Monday, May. 20, 1974

Plans and Dreams for Egypt

Egyptian President Anwar Sadat is often ill at ease in his office in Cairo's Abdin Palace. Its confined formality, he tells visitors, reminds him of prisons he was sent to for revolutionary plotting in Egypt's "colonial "days. Sadat is far more relaxed when he stays at one of his presidential resthouses outside Cairo. Recently, over tea and Turkish coffee in a resthouse beside the pyramids, he discussed his plans and dreams for Egypt with TIME Correspondents Wilton Wynn and Karsten Prager. Among his points:

EGYPTIAN PRIDE. Nasser was the first true Egyptian to rule this country in more than 2,000 years. But in spite of all that foreign domination, our personality never dissolved. One of the principal elements in the success of our battle last October was the faith of every Egyptian, the pride he feels for his land, and the very name Egypt itself.

RELATIONS WITH OTHER ARAB STATES. If Egypt is powerful, the Arabs will be powerful. We are proud of our land, and maybe some critics see this as Egypt first. But I feel that I cannot make myself understood in the world today without using methods that people elsewhere understand. We Arabs are very hot. We flare up, and we cool down. But here in Egypt, we now are using language that can be understood all over the world. A man must be a man of his word. I say what I mean, and I mean what I say, and this is not based on sentimental factors or flaring emotionalism but on wise calculation.

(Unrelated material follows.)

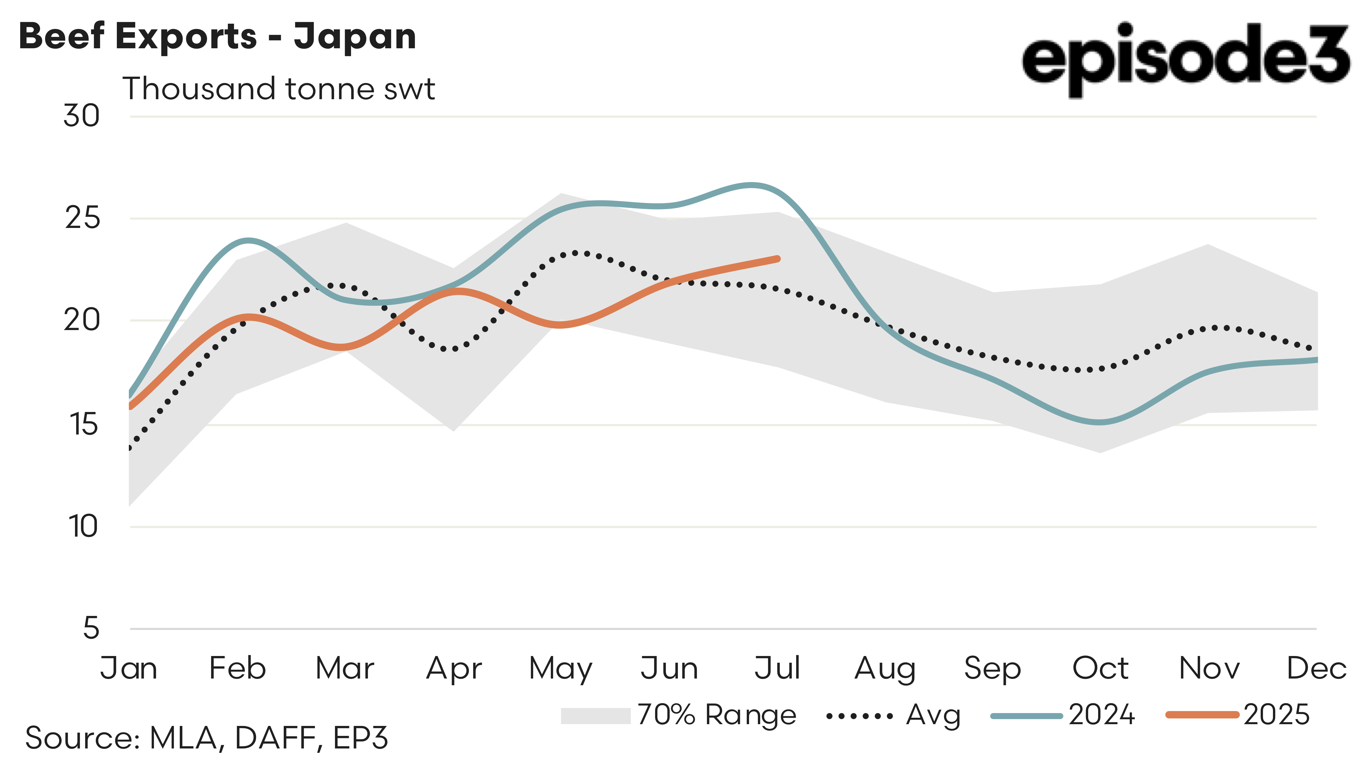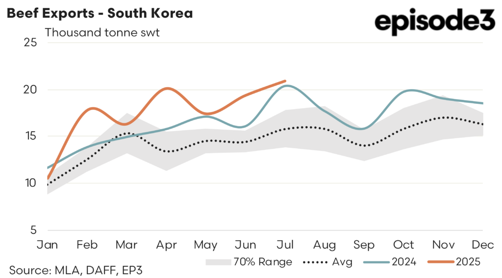 Japan – A reasonably consistent high-value market for Australian beef, with year-to-date shipments sitting near 140,000 tonnes. Monthly volumes this year have typically tracked in the low-20,000-tonne range, supported by steady retail and foodservice demand. July flows came in 5% stronger than June at 23,056 tonnes, representing trade levels 7% higher than the five-year average trend for July.

It is not correct to say that we are adopting ways that are different from the Arab world. We are trying to convince our brothers to adopt methods that can be understood in the whole world.

POLITICS IN EGYPT. I don't believe in the multiparty system in this era of our building. We had a multiparty system before, and it proved a great failure. When we finish the foundations for our new community, then we may be able to afford a multiparty system. But I don't think it is suitable now.

CIVIL LIBERTIES. I am proud that for the first time in 40 years we have no concentration camps. Since 1971 they have been shut down forever. Even during the October war we had no concentration camps.

THE ECONOMY. We shall retain the public sector. It was our backbone during the very dark years of humiliation and defeat [after 1967]. It will continue to exist because it can take responsibility for building what the private sector fears to build: industry that may not be very profitable but that must be built. But let the private sector also be active. It will not be an open capitalist system, and I don't share the fears of the extremists. We will welcome Arab and foreign capital to help us build our country.

POPULATION GROWTH. I think our population can be an asset if it is used and trained and educated in the proper way. We must enter the era of technology. We cannot continue being backward, or we will perish like the Indians in the U.S. If the Indians had mastered technology, they would have fought you until this century.

TOURISM. It was a political issue in the past. When [U.S. Secretary of State John Foster] Dulles put the squeeze on us, he stopped tourism to Egypt.* I hope tourism will not be a political instrument in the future, although I have no fear if Dr. Kissinger issues passports.

* The U.S. twice stopped travel to the Middle East for safety reasons, first during the 1956 war and during the 1958 crisis in Lebanon.